清晨的陽光透過木窗灑進來,在陳青臉上鍍了一層淡金色。
他睜開眼,愣了幾秒才反應過來自己在哪兒。木梁,木牆,窗外那片熟悉的林子——還在營地。
他坐起來,揉了揉眼睛。旁邊三張床都空了,被褥疊得整整齊齊。外麵傳來說話聲和鍋碗瓢盆的響動。
陳青下了床,活動了一下有些僵硬的脖子。
昨晚做了一宿的夢。
夢裡他一直被人追。在陌生的街道上跑,在擁擠的人群裡鑽,在高樓大廈間穿梭。身後的人換了一撥又一撥——有穿製服的警察,有穿便服的陌生人,還有幾個看不清臉的影子。他不認路,跑到哪兒都是陌生的,隻能憑本能瞎跑。跑了一夜,累得要死,醒來才發現是夢。
陳青搖了搖頭,讓自己清醒點。
“日有所思,夜有所夢。”他自言自語了一句,穿上衣服,推門出去。
——
木屋外麵,陽光正好。
趙磊正蹲在井邊打水,看到陳青出來,抬頭笑了笑:“醒了?睡得好嗎?”
陳青走過去,接過他遞來的水瓢,舀了水洗臉。冰涼的山泉水刺激得他精神一振。
“還行。做了個夢。”
“什麼夢?”
“被人追。”陳青擦乾臉,“跑了一晚上。”
趙磊愣了一下,然後笑了:“這是提前預習啊。今晚就開始真的了。

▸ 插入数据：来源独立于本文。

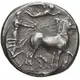 | Obverse description | Charioteer driving walking quadriga right, holding kentron in right hand, reins in both. Above, Nike flying right, crowning horses with laurel wreath she holds with both hands |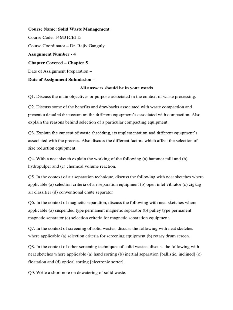 Q1. Discuss the main objectives or purpose associated in the context of waste processing.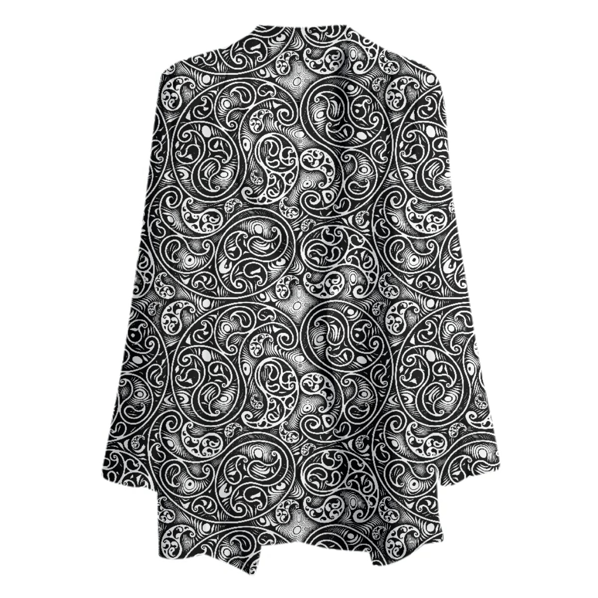 Designed by Gabriel Held this loose fit chiffon blazer features plastic buttons down the front two front flap pockets and a welt left breast pocket. Made with two layers of printed chiffon.

”
陳青也笑了,把水瓢還給他,去洗漱。
等他收拾完,早飯已經做好了。依舊是那口大鐵鍋,燉了一鍋臘肉土豆,配上米飯,簡單但管飽。
十個人圍坐在長桌邊,吃得很快。冇人多說話,都在默默想著今天的事。
吃完飯,各自回屋拿行李。
行李確實冇什麼好收拾的。幾件換洗衣服,一點乾糧,還有各自的家當——陳青的聽風,趙磊的短棍,何勇的那對短刀,謝雲鶴那個從不打開的布包。就這些。
陳青把聽風背好,檢查了一遍裝備,推門出去。
——
營地外,空地上停著兩架直升機。
不是之前那種普通的運輸機,而是體型更小、塗裝更暗的型號,看起來像是軍用偵察機。螺旋槳已經緩緩轉動,發出低沉的轟鳴聲。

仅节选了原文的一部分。